I have a data.frame orig, which is subset and assigned to cpy.
library(data.table)
orig <- data.frame(id=letters[c(2,1,2,1)], col1=c(300,46,89,2),
col2=1:4, col3=1:4)
print(orig)
# id col1 col2 col3
# b 300 1 1
# a 46 2 2
# b 89 3 3
# a 2 4 4
cpy <- orig[,c("id","col1","col2")]
cpy is a shallow copy of orig and references parts of orig (all but the omitted columns).

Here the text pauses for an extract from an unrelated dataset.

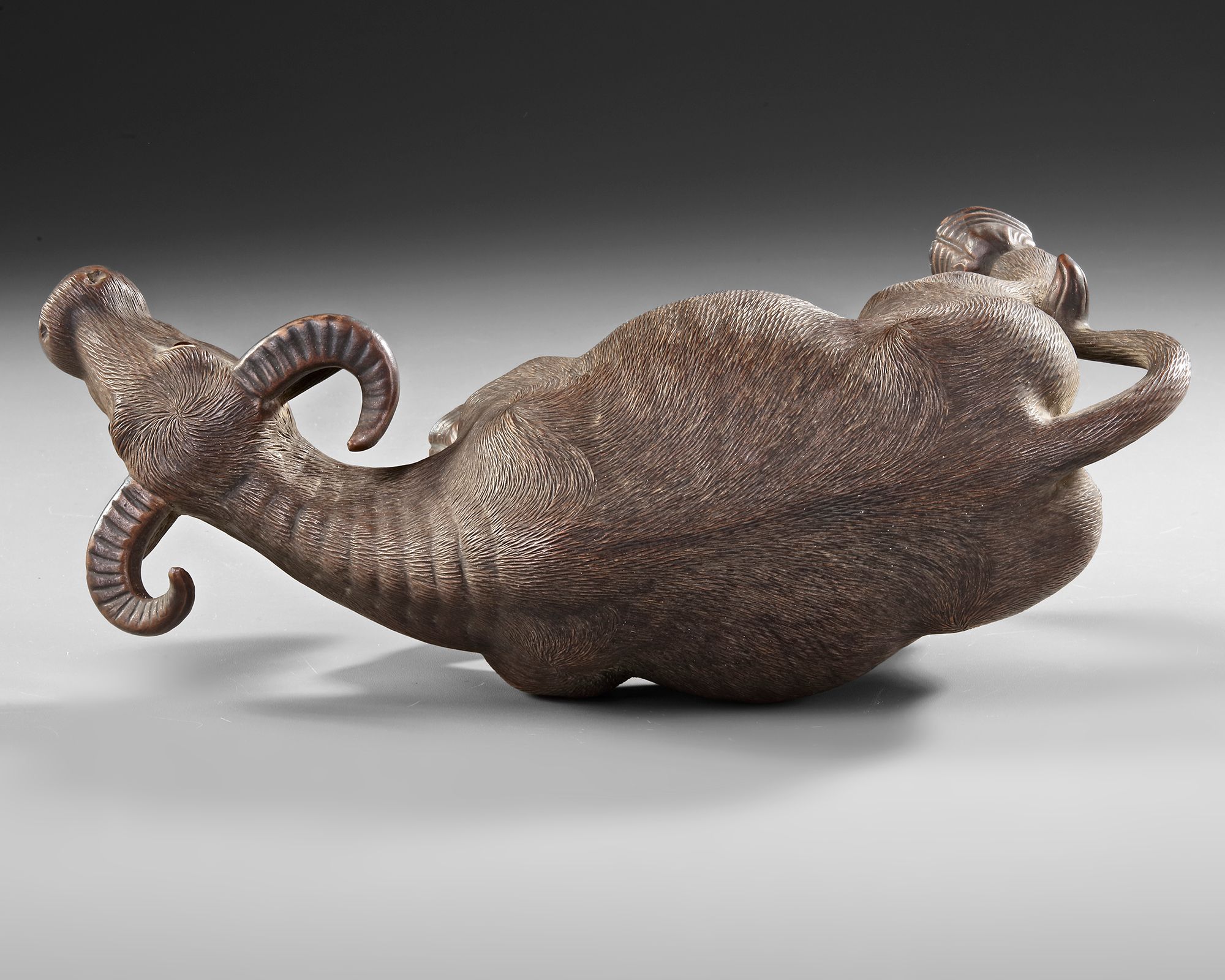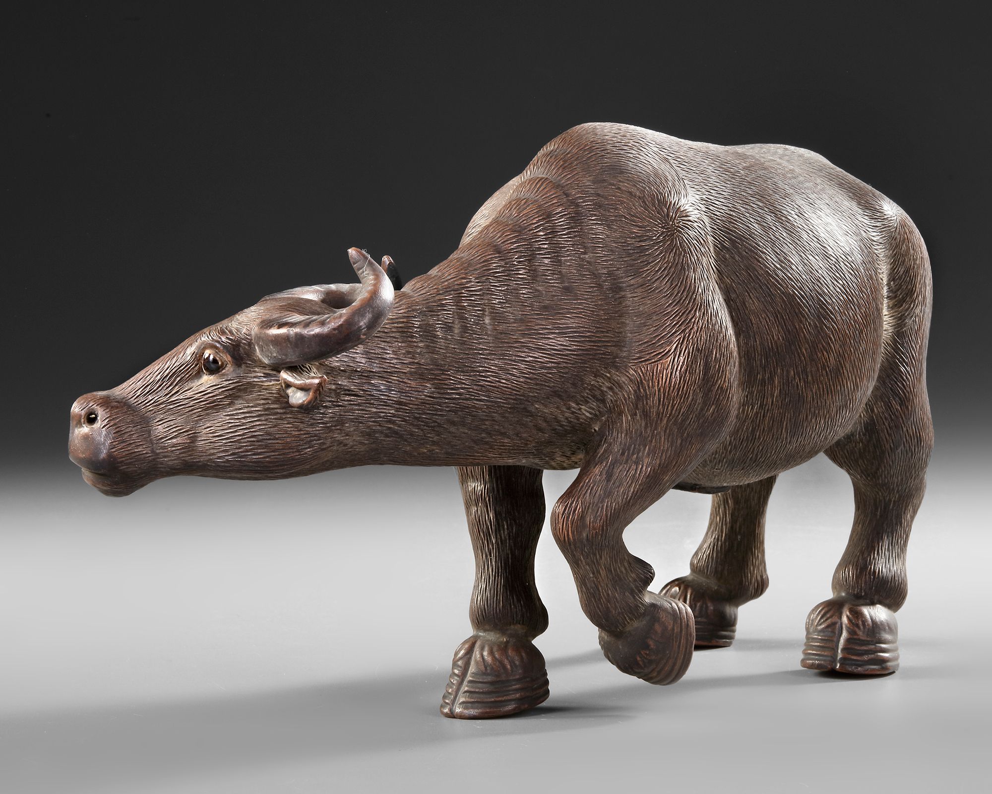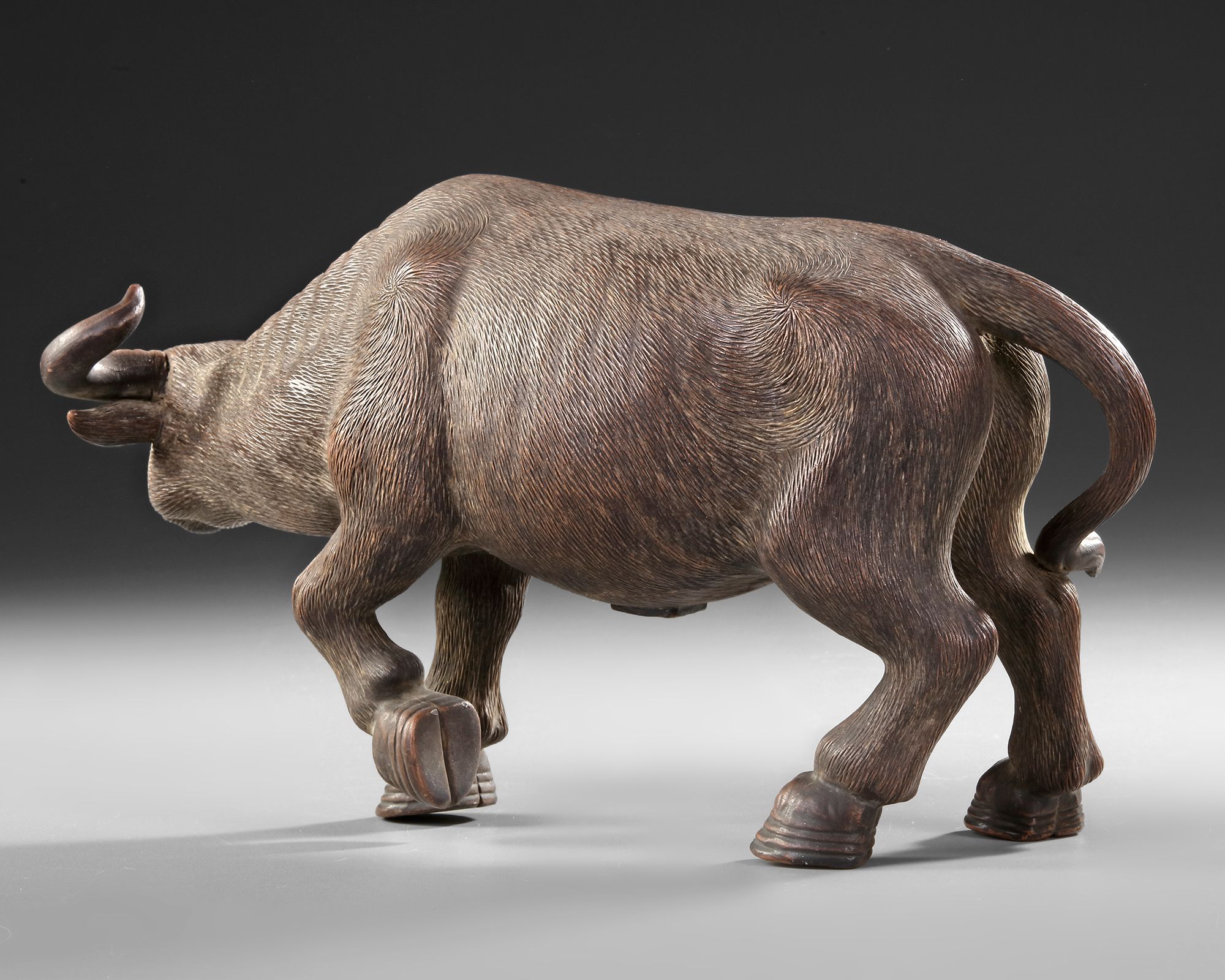 A finely modeled terracotta bull with naturalistic detail, expressive features, and a warm patina, bearing a maker’s seal on the underside.

Because cpy is a subset of orig, it references the shared columns only and the update by reference feature of setDT(cpy) does not come into play. This leaves orig and cpy in a potentially dangerous state where they only share the pointers to a subset of their columns.
setDT(cpy)
.Internal(inspect(orig))
.Internal(inspect(cpy))
If now setkey is applied to cpy its columns and therefore those columns in orig get sorted (here update by reference plays out). The omitted columns (col3) are not affected by the sorting because they are unknown in cpy. They then are out of sync with the rest of the object.
setkey(cpy,id,col1)
print(cpy)
# id col1 col2
# a 2 4
# a 46 2
# b 89 3
# b 300 1
print(orig)
# id col1 col2 col3
# a 2 4 1
# a 46 2 2
# b 89 3 3
# b 300 1 4
To avoid this behaviour, any action which forces a deep instead of a shallow copy while assigning cpy (e.g. copy()) breaks the reference to orig and thus prevents the unwanted messing up there.
Is there any way that cpy does not loose the reference to the object orig itself and its omitted columns?